Не останавливаясь почти в Германии, мы отправились прямо в Швейцарию. Там, недалеко от Вэвэ, мы поселились на берегу Женевского озера. Любовь... нет! страсть, совершенное уединение с тем, кого я любила, пршрода -- вое тут было для счастья. Но, я говорю правду, были минуты безумного, страстного забытья, но счастья не было: ты, постоянно ты разрушал и отравлял его, по крайней мере для меня. Если бы в твоей жизни со мной, в отношениях и поступках, сопровождавших наш разрыв, я могла найти предмет для укора, точку опоры для собственного извинения, я бы в то время, мне кажется, готова была благословлять тебя! Но сколько я ии напрягала свою память, я не могла их отыскать, ты мне не оставил их. Мне иногда приходила мысль, что ты вел себя так с тонким расчетом -- чтобы лучше отомстить за себя. Но это было уже слишком. Но если б у тебя был этот расчет, ты бы не мог лучше действовать: я ненавидела тебя за твою доброту и великодушие. Как нарочно, живо припоминалось мне, что в первый наш разговор -- помнишь, в нашем любаньевском саду, у пруда -- ты мне описывал швейцарские озера, и я тогда же подумала, как бы хорошо и отрадно было увидеть их и пожить там с таким человеком, как ты. И потом, уже замужем -- помнишь? -- мы иногда говорили об этом. Все это так и вырвалось непрошенное в мою память и отравляло мне все минуты счастья. Было что-то жгучее в моей тогдашней жизни, точно крепкое вино -- и жжет, и одуряет.

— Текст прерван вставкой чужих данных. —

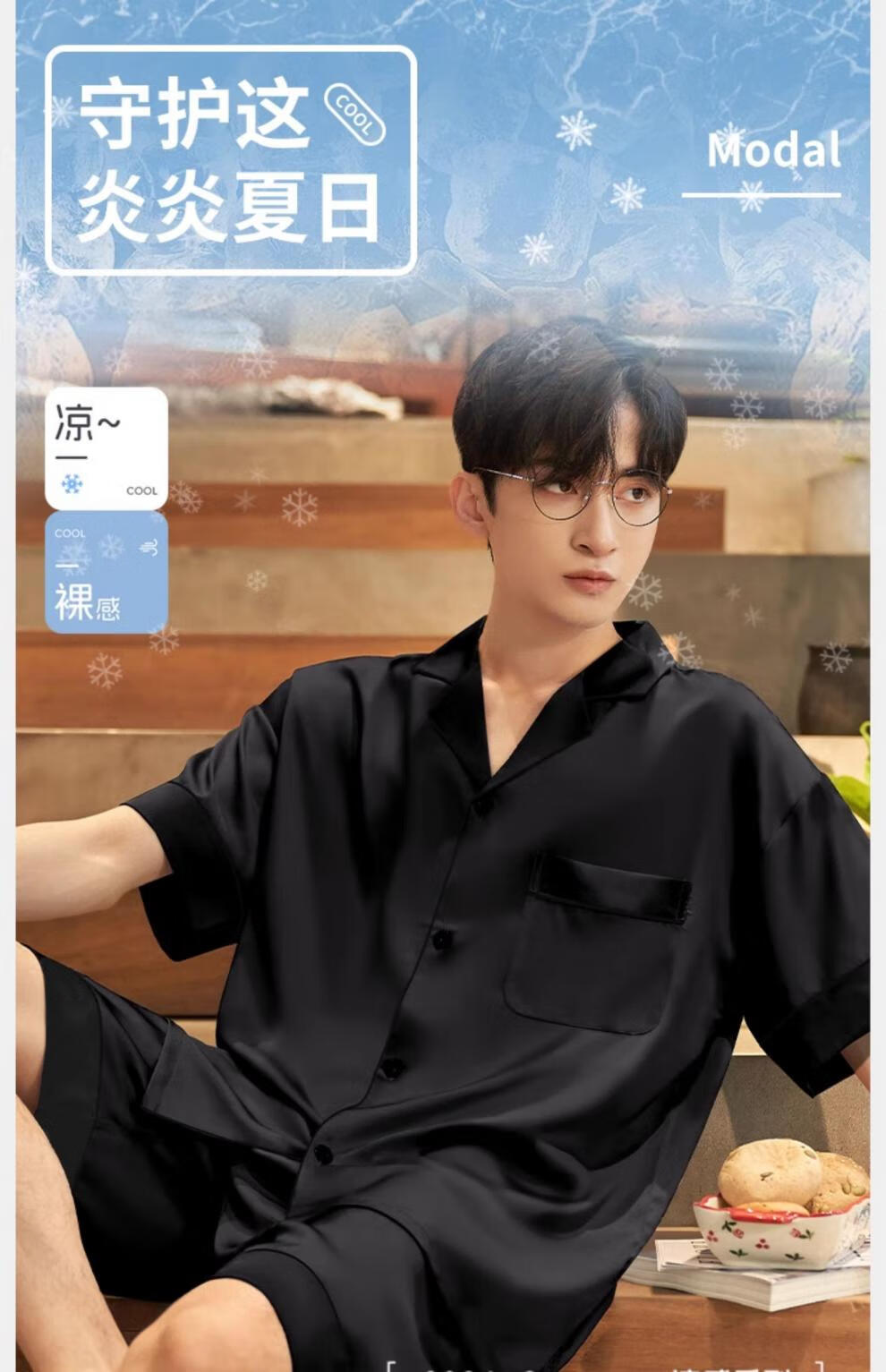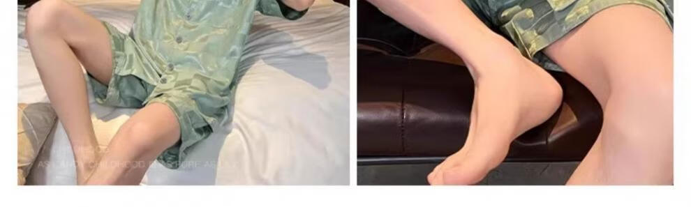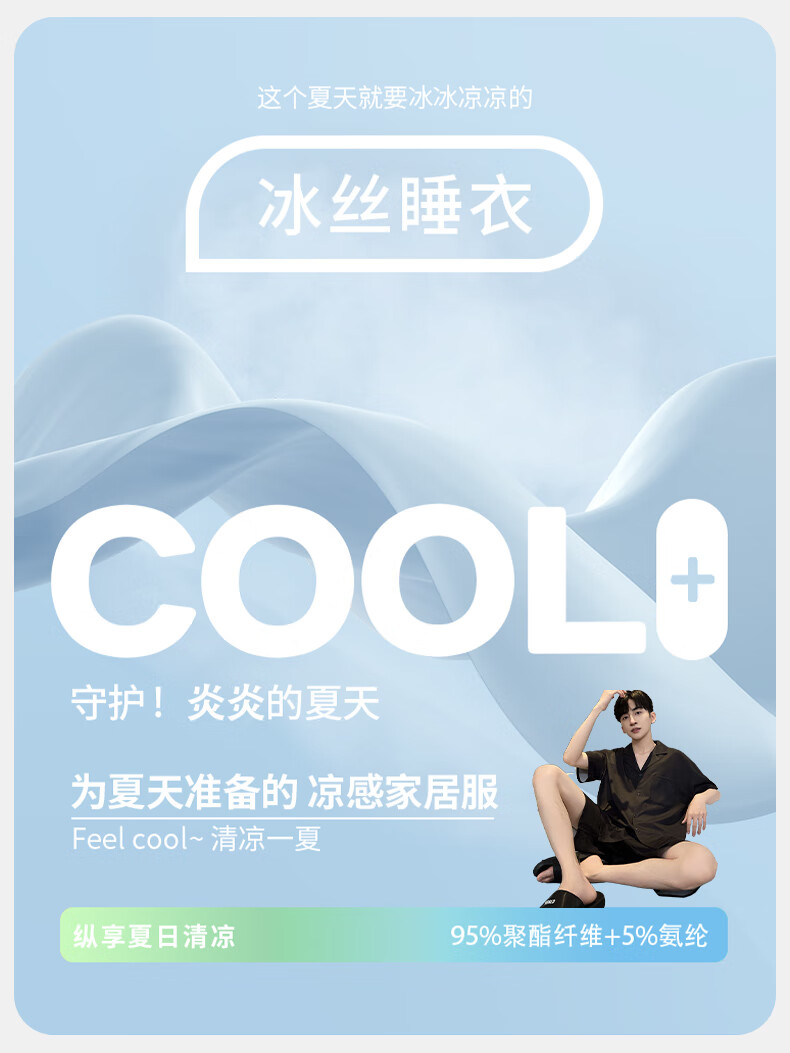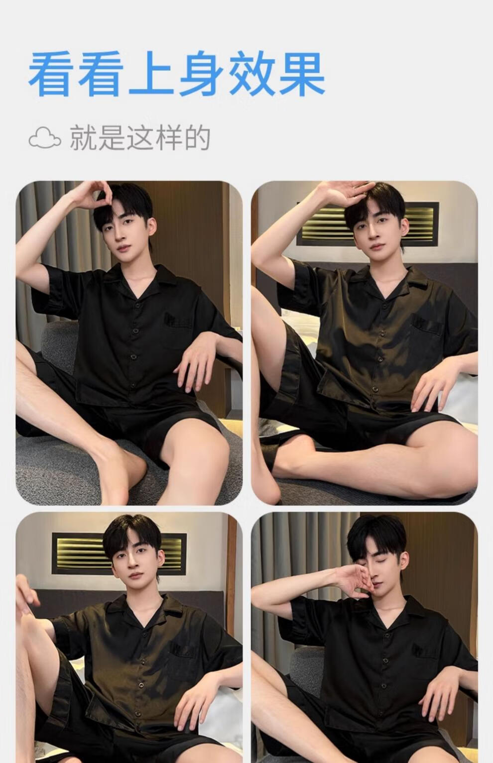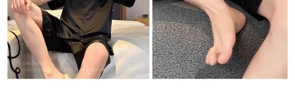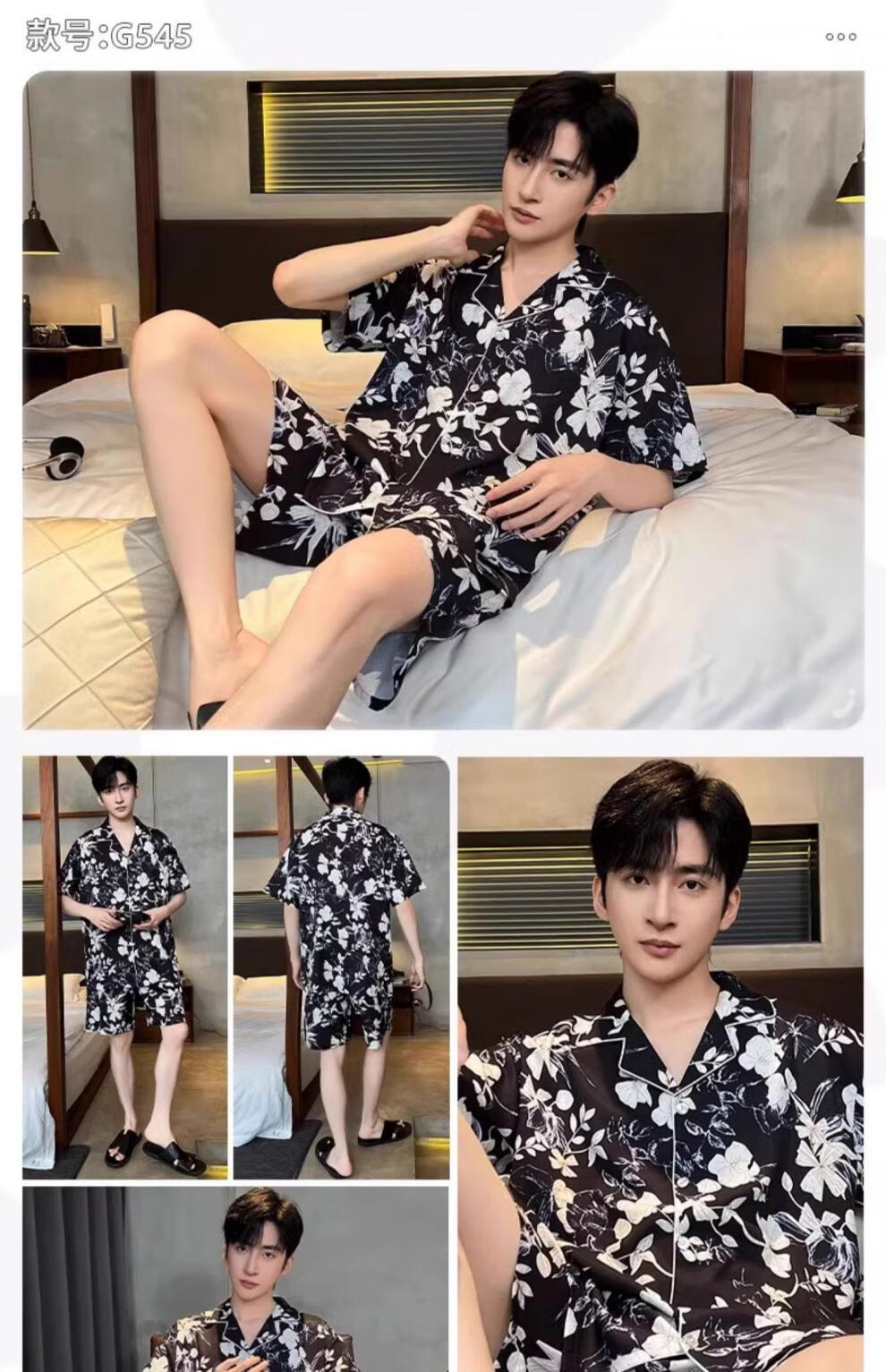 MiiOW pajamas men's summer ice-sleeved short-sleeved pants summer thin simulated silk boys' youth student home clothes set G542 L (height about 170 and weight-130Jin Jin is equal to 0.5 kg)
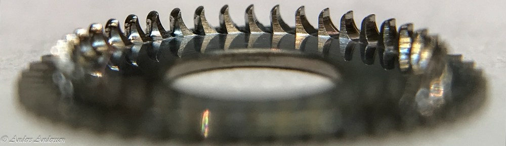Den komplicerade formen på fjäderhusaxeln och spärrhjulet.
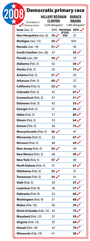 On the latest Super Tuesday, March 4, if Hillary Rodham Clinton is able to win both states and slow Barack Obama's momentum toward the Democratic nomination, she will live to fight another day. The next big showdown will be April 22 in Pennsylvania.
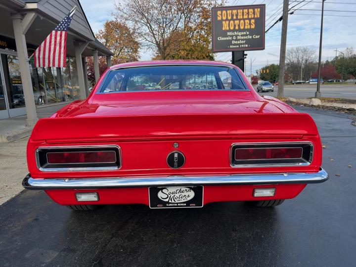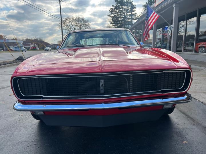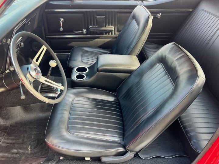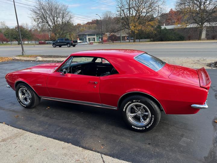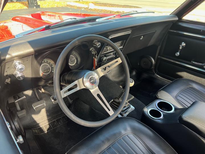 Clean Tennessee car, Recent Body-Up Restoration, beautiful Bolero red paint, black vinyl interior, factory (3L) 350 ci engine, factory (2L) 4 speed manual transmission, Holle dual feed 4 bbl, Edelbrock Victor JR aluminum intake, ceramic headers, HEI distributor, chrome air cleaner & valve covers, power steering, power front disc brakes, aluminum radiator with shroud, bucket seats, Hurst shifter, Sport steering wheel, factory dash, Bosch gauges, Retrosounds radio, dual exhaust, 10 bolt 3.73 limited slip rear end, 235/60R15 Cooper rear tires, 215/65R15 fronts, 15” chrome American Racing Torque Thrust wheel, cowl hood, front & rear spoiler, Detroit Speed hide-away headlights, Ready to Cruise!
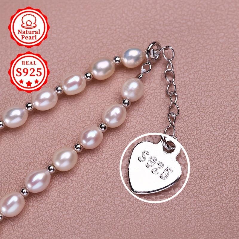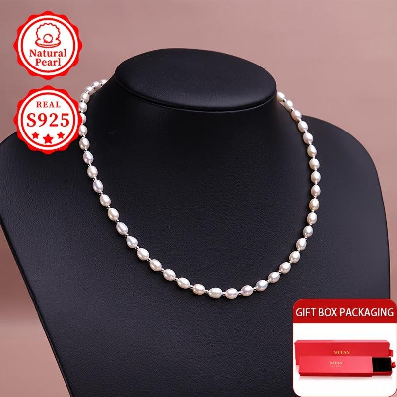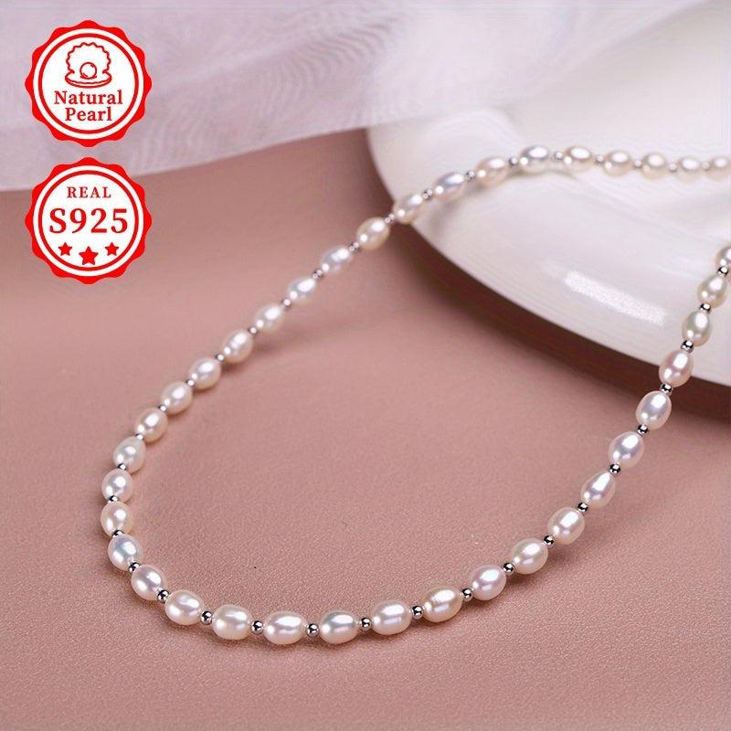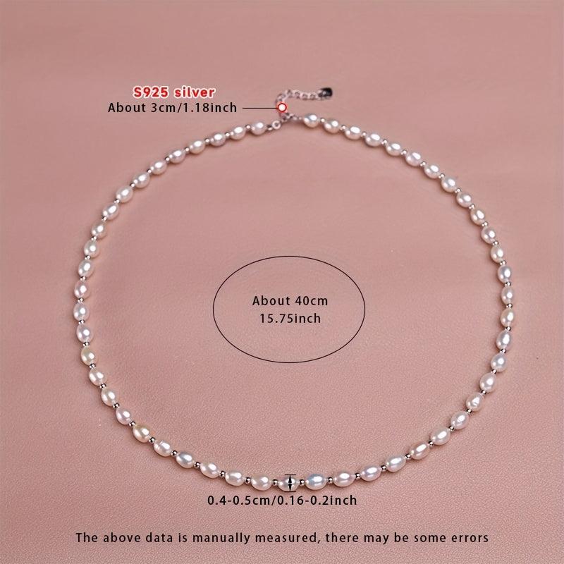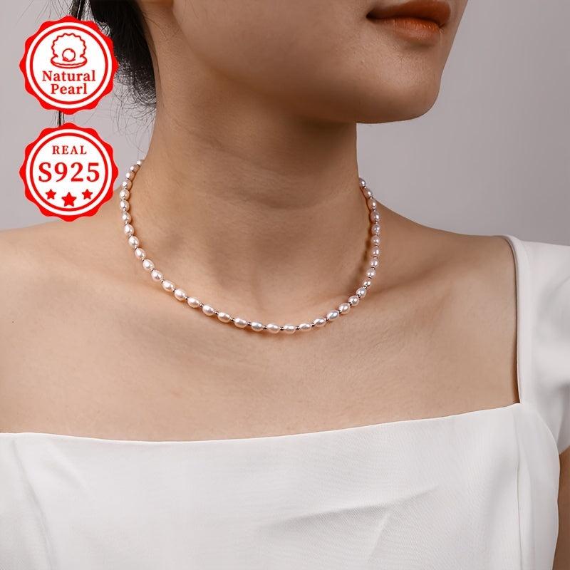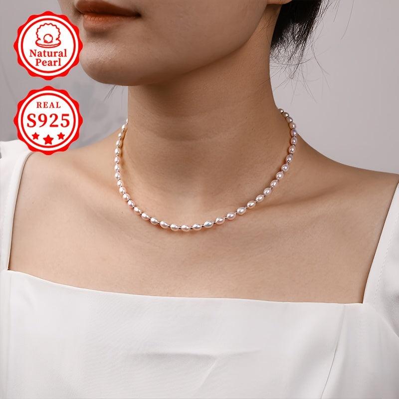 A stylish collar chain showcasing natural 4.5mm rice-shaped freshwater pearls on a S925 silver chain.
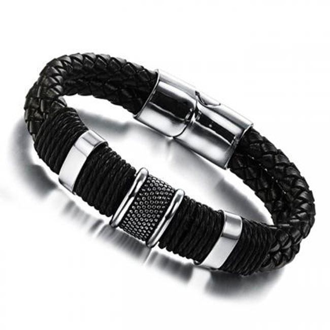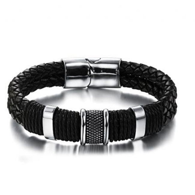 Мъжка кожена гривна с плочка - L размер SILVER FLAME
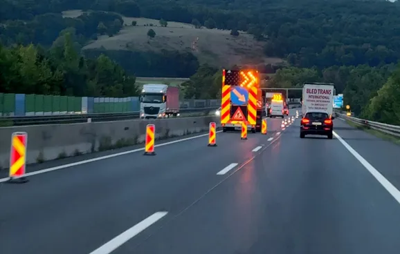 Zuletzt positioniert sich der größte Lkw auf der linken Fahrspur und markiert den Beginn der Absperrung. Zusätzliche Baken mit Reflektoren warnen die Verkehrsteilnehmenden, dass die Überholspur hier spätestens zu verlassen ist.
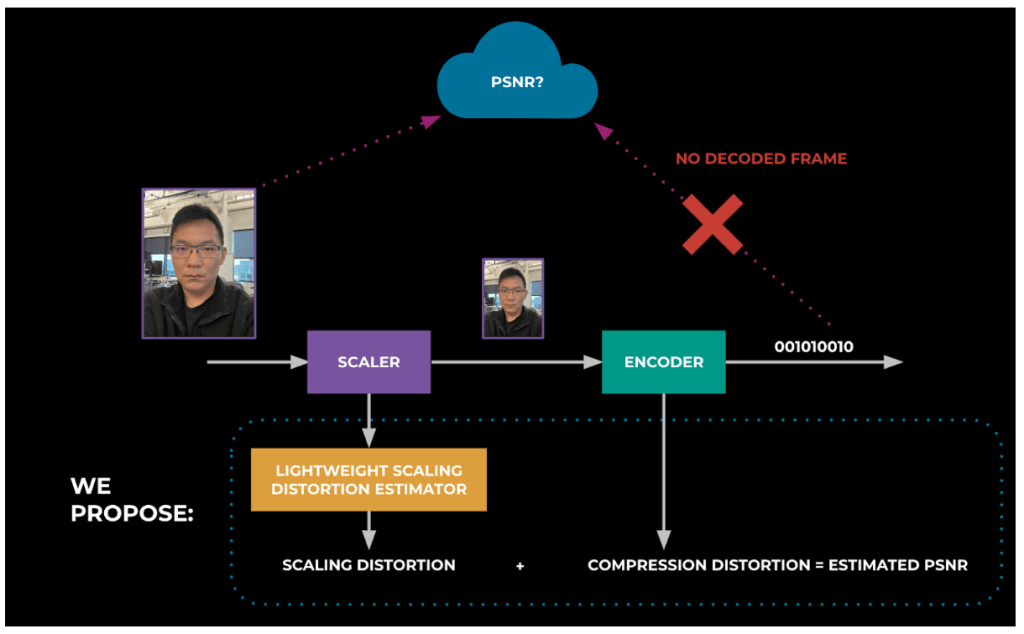 We have come up with a framework for PSNR computation. We first modified the encoder to report distortions caused by compression (most software encoders already have support for this metric). Then we designed a lightweight, scaling-distortion algorithm that estimates the distortion introduced by video scaling. This algorithm can combine these scaling distortions with the encoder distortions to produce output PSNR. We developed and verified this algorithm locally and will be sharing the findings in publications and at academic conferences over the next year. With this lightweight PSNR metric, we saw 2 db improvements with AV1 compared to H.264.
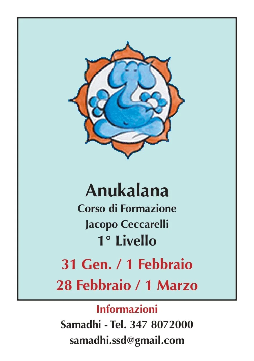 Informazioni e Iscrizioni Cell. 338 160 0523 www.jacopoceccarelli.it www.anukalanayoga.com
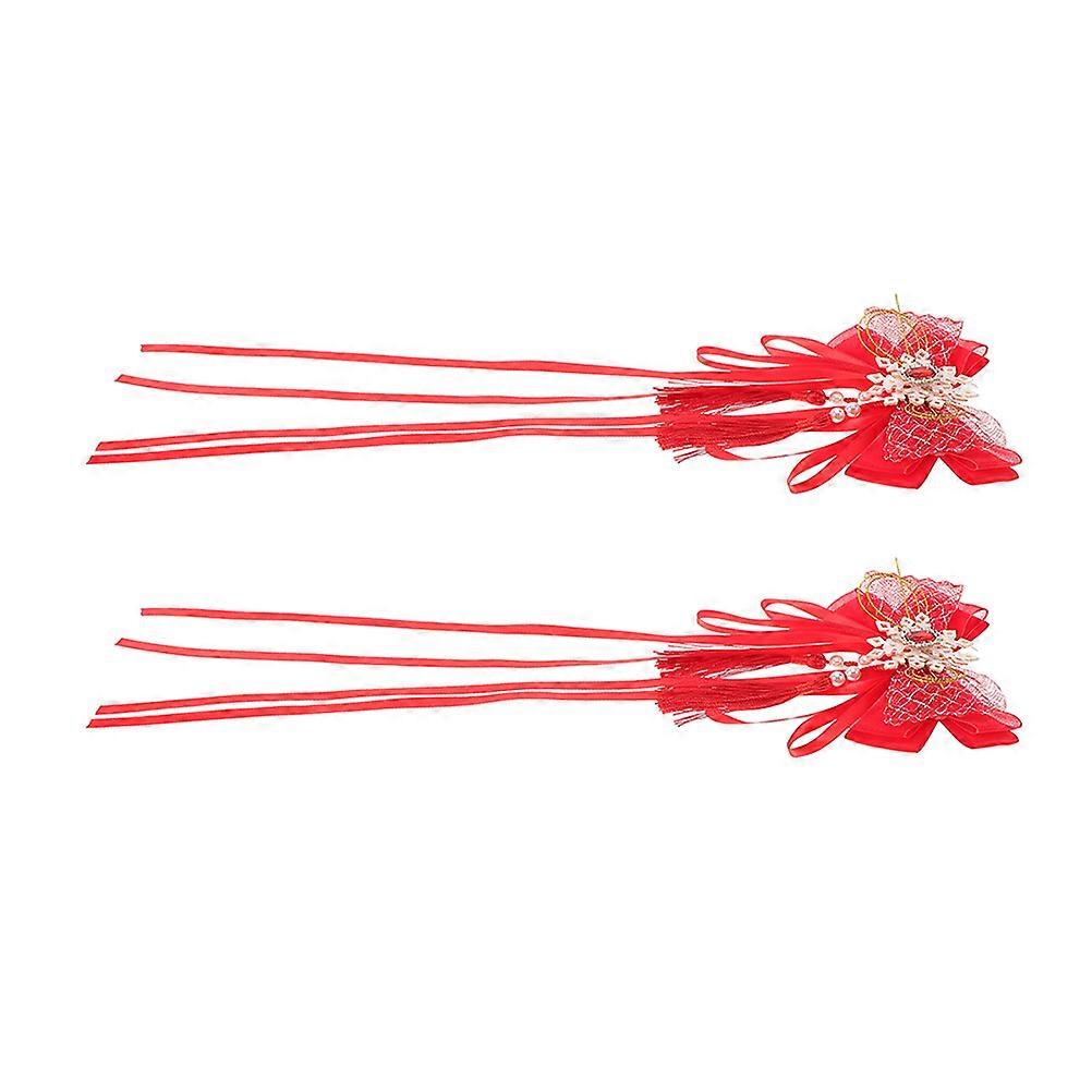 Red Bowknot Hair Clips for Decor 2Pcs Decorative Hair Accessories with Tassel
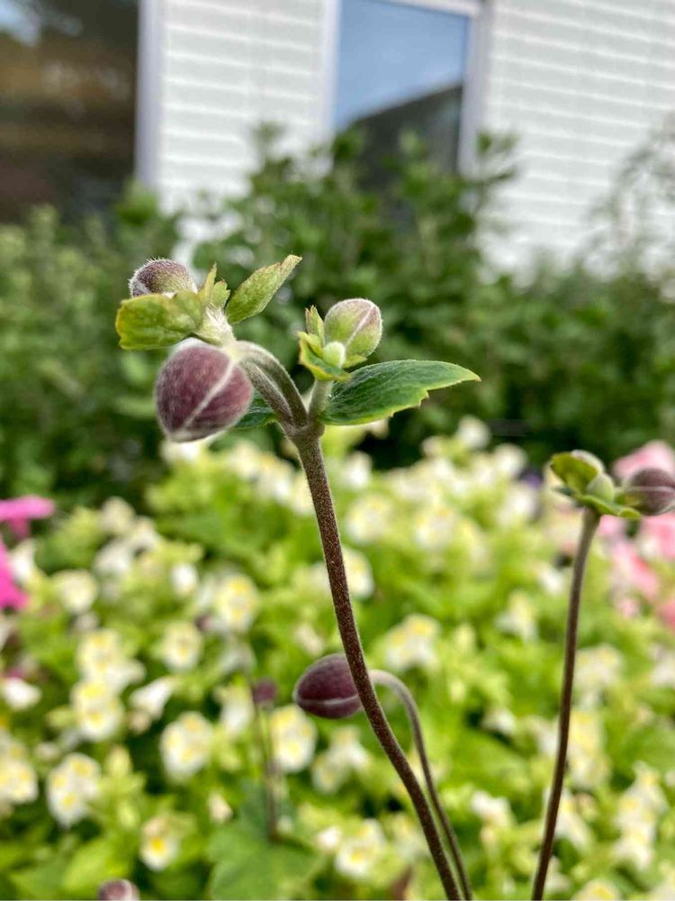 この秋明菊の蕾 かるくひと月以上 このままです 前に上がった蕾は このまま萎れてしまいました🥲

Я скрывала, разумеется, сколько могла, эти мысли от Комлева, но он заметил мое тревожное состояние. Он меня спрашивал, я молчала, но раз -- в порыве негодования на тебя и себя -- я ему их высказала. Он пожал плечами и сказал, что это сентиментальность, романтичность, к которой ты приучил меня, что не надобно давать волю своей фантазии, добровольно и глупо терзать себя, что это может развиться до болезненности, как всякая мономания, и что с небольшой силой воли можно прогнать эти мысли или притупить их -- точно так же, как здравый смысл прогоняет всех бесов и привидений.